Comments about this page

  • Hi Chippy!  With all your collections, no wonder we ran out of spares!  You are quite right about the ‘superfinishing’ of H3 pump rams. Up until the mid ’60s the rams were all made of ‘nitralloy’ nitrided steel that provided a hard surface.  This was ‘superfinished’, as you described, to a polished finish equivalent to 4 micro-inches or better. The downside was that the material was expensive and the rams pitted due to corrosion, particularly when not in regular use.  In the mid ’60s we turned to chrome-plated rams.  The base material was EN8 which was much more economical.  The outside diameter had a .010″ thick coating of nickel (impervious to water corrosion) over its length and then the ‘business end’ about 10″ that worked in water was coated with a .005″ thick hard engineering chrome, the whole length then ground to size.  All H3 pump rams were made like this up until the ’70s.  The downside was that after time the rams appeared to wear more quickly than the nitralloy versions.  Post ’70s the ‘business end’ of the ram surface was coated with ’Colmonoy 6′ (trade name). This was a stellite-type surface about .012″ thick and as far as I am aware has not been changed since. 
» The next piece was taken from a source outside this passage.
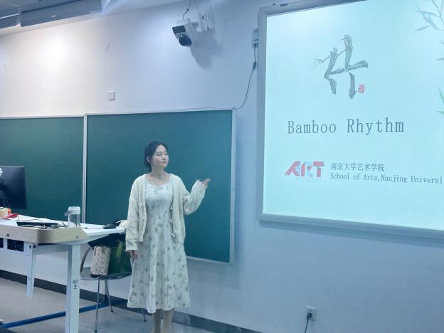 在书画鉴赏环节中,国画讲解人污污漫画 任欢同学首先以“竹韵”为主题讲述了“花中四君子”的概念、古人与竹的逸闻趣事,从而引出了国画中竹叶勾勒、渲染的绘画技巧和最终的呈现效果;书法讲解人污污漫画 贾轶心同学从书法的内涵意义、历史发展、风格流派以及地位影响这四个方面进行详细讲解。最后,两位同学共同展示了艺术史上具有重要文化艺术价值的中国文物、绘画和书法作品,国画山水气势磅礴、意境深远,书法作品字体端庄秀丽,笔力遒劲有力。这些恢宏大气、承载着历史厚重感的书画文物一出现便吸引了众人的目光,在座师生无不聚精会神、啧啧称奇并为之震撼。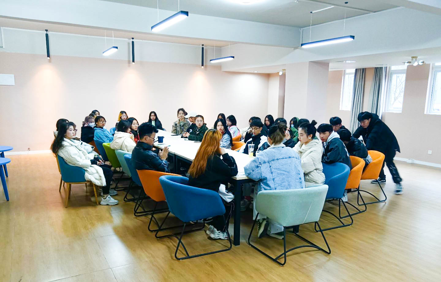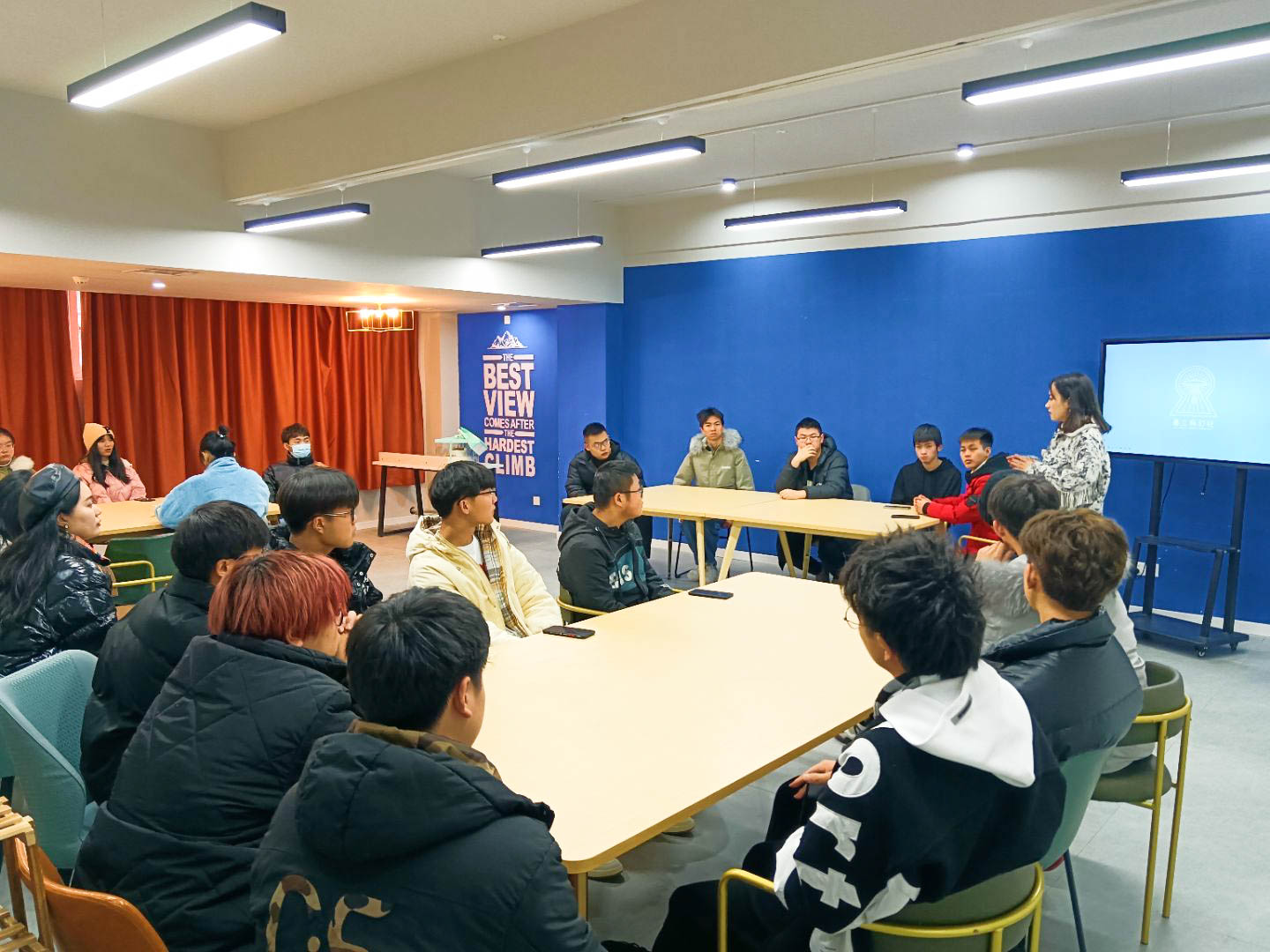 13日在千山会议室和兰芷交流空间内,同学们在这里开展部门例会,总结不足和部署工作。

    You are correct in identifying the larger pumps L10 and H15.  During my time we never supplied any new large pumps but we did refurbish some H10 pumps. For info. for the larger pumps, the number used to refer to the stroke of the pump, the L referred to high volume low pressure; the H referred to high pressure, low volume.

    Incidentally, you have a very expensive ashtray, as the thrust pads were made from gunmetal!   John B      

    By John Bancroft (30/10/2014)
  • Hi John!  Am I right in thinking that at one time the rams for the H3 pumps were ‘super finished’ in the grinding bay next to the tool room? I can just about remember an old guy working on a machine which had sets of vibrating stones that would rub against the ram as it turned and traverse along it’s length, backwards and forwards, so producing an almost mirror-like finish. I still have a couple of those stones, I use one in the kitchen for sharpening our kitchen knives!

    I also have pair of small candle sticks that I made out of two H3 suction valves, with the candle holders being made out of brass tapered connections that we used on the Stone Plant top drainage system!

    I remember spending many hours on the ‘spares bench’ lapping in sets of suction and delivery valves, under the watchfull eyes of Billy Dowdeswell, Harold Longney and Bill Moseley, to be sent out to customers. The suction valves had to de-burred, lapped in, springs fitted and then the nuts with tab washers, so setting the valve to it’s operating length. Once that was done they all had to have a coat of preserving oil. Funny how there are some things you never forget!

    Something else I have from way back then is an ashtray that I made from an old small-end ball-socket from a much larger pump, but I don’t recall which as I didn’t see any of the bigger pumps being built. The only ones I think I can remember were L10’s and H15’s. Do those sound right to you John?  Chippy Aston.